Task details: Transcribe these records exactly, dropping every picture.
Segment Open
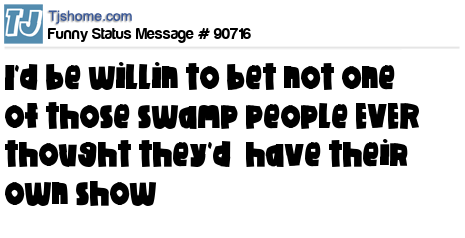 X is i'd be willin to bet not one of those swamp people EVER thought they'd have their own show
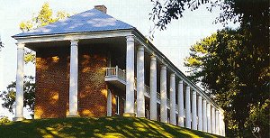 #70 Roseneath (c.1832) the original home of the W.R. McKowen High School. It features a unique balcony suspended between four fluted Doric columns. |
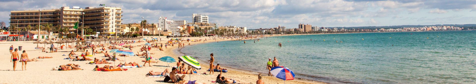 Der Strand Playa de Palma befindet sich in der Nähe der Hauptstadt Palma de Mallorca und ist daher bei zahlreichen Urlaubern beliebt.
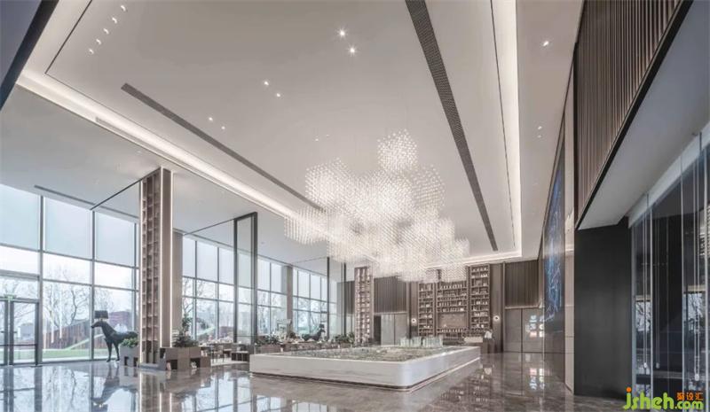 金屬線條穿插、交疊,形成立體的網(wǎng)格狀吊燈,將數(shù)學(xué)的理性嚴(yán)謹(jǐn)美具象化。遠(yuǎn)看云霧般的鏤空設(shè)計(jì)將視覺(jué)引向更遠(yuǎn)方,呈現(xiàn)出“山色入城秋”的美感,也暗承西安古城的歷史文化淵源。
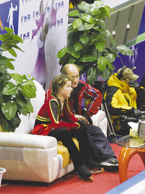 紅黑的緊身衣鑲著亮亮的水鉆,賽場上,小米沙充滿張力的表演酷似“俄羅斯冰上王子”普魯申科!捌蒸斏昕疲克俏业呐枷,不過也是我父母的好朋友。他還親自教我呢!备昝咨车靡獾卣f道。
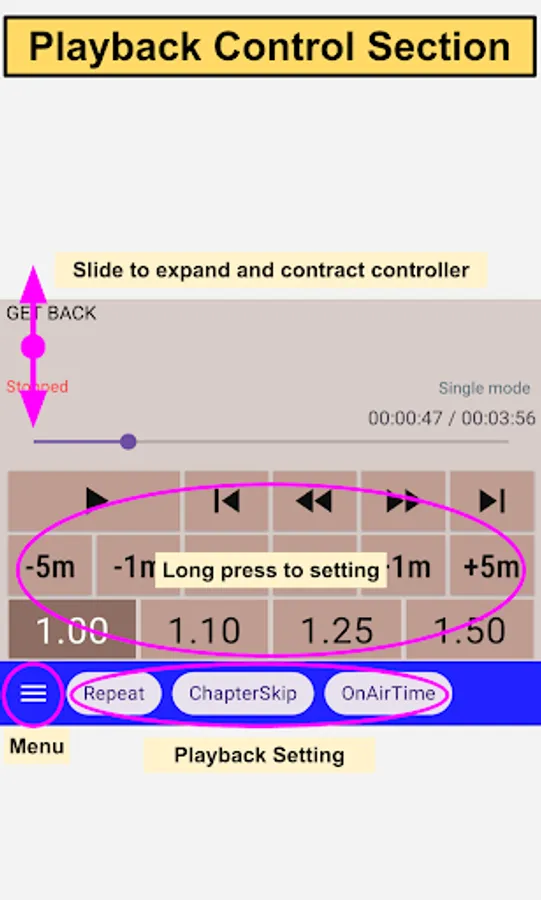 Time-stretching function to change the playback speed without changing the pitch, settable from 0.25x to 4x.
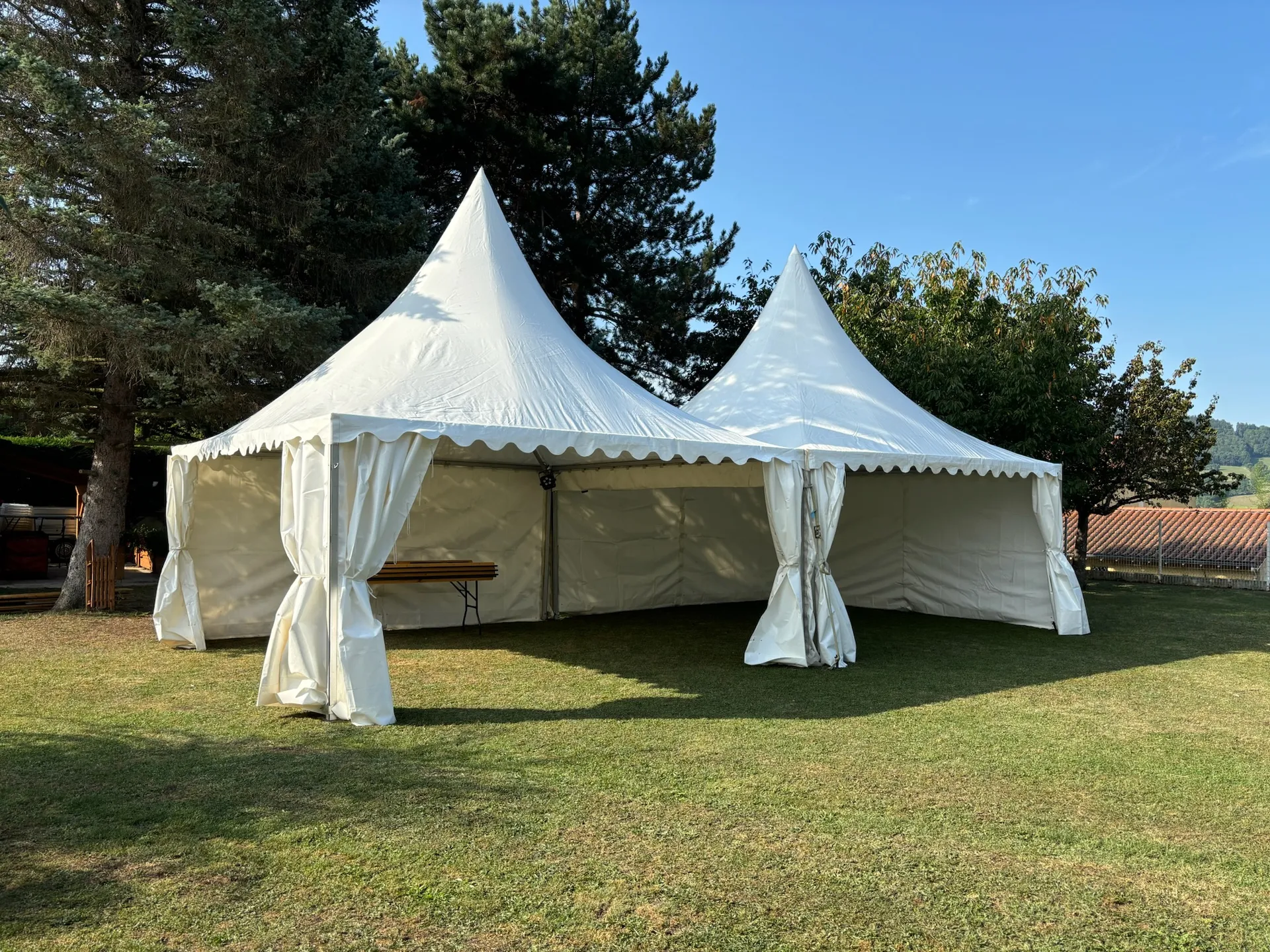 Organisation optimisée avec la location de 2 pagodes pour un baptême de 40 personnes tout près du Puy en Velay. Structures jumelées étanches, éclairage LED, tables adaptées. Solution technique pour réception extérieure maîtrisée au Puy en velay et ses a...
Segment Closed
Response:
 X is i'd be willin to bet not one of those swamp people EVER thought they'd have their own show
 #70 Roseneath (c.1832) the original home of the W.R. McKowen High School. It features a unique balcony suspended between four fluted Doric columns. |
 Der Strand Playa de Palma befindet sich in der Nähe der Hauptstadt Palma de Mallorca und ist daher bei zahlreichen Urlaubern beliebt.
 金屬線條穿插、交疊,形成立體的網(wǎng)格狀吊燈,將數(shù)學(xué)的理性嚴(yán)謹(jǐn)美具象化。遠(yuǎn)看云霧般的鏤空設(shè)計(jì)將視覺(jué)引向更遠(yuǎn)方,呈現(xiàn)出“山色入城秋”的美感,也暗承西安古城的歷史文化淵源。
 紅黑的緊身衣鑲著亮亮的水鉆,賽場上,小米沙充滿張力的表演酷似“俄羅斯冰上王子”普魯申科!捌蒸斏昕疲克俏业呐枷,不過也是我父母的好朋友。他還親自教我呢!备昝咨车靡獾卣f道。
 Time-stretching function to change the playback speed without changing the pitch, settable from 0.25x to 4x.
 Organisation optimisée avec la location de 2 pagodes pour un baptême de 40 personnes tout près du Puy en Velay. Structures jumelées étanches, éclairage LED, tables adaptées. Solution technique pour réception extérieure maîtrisée au Puy en velay et ses a...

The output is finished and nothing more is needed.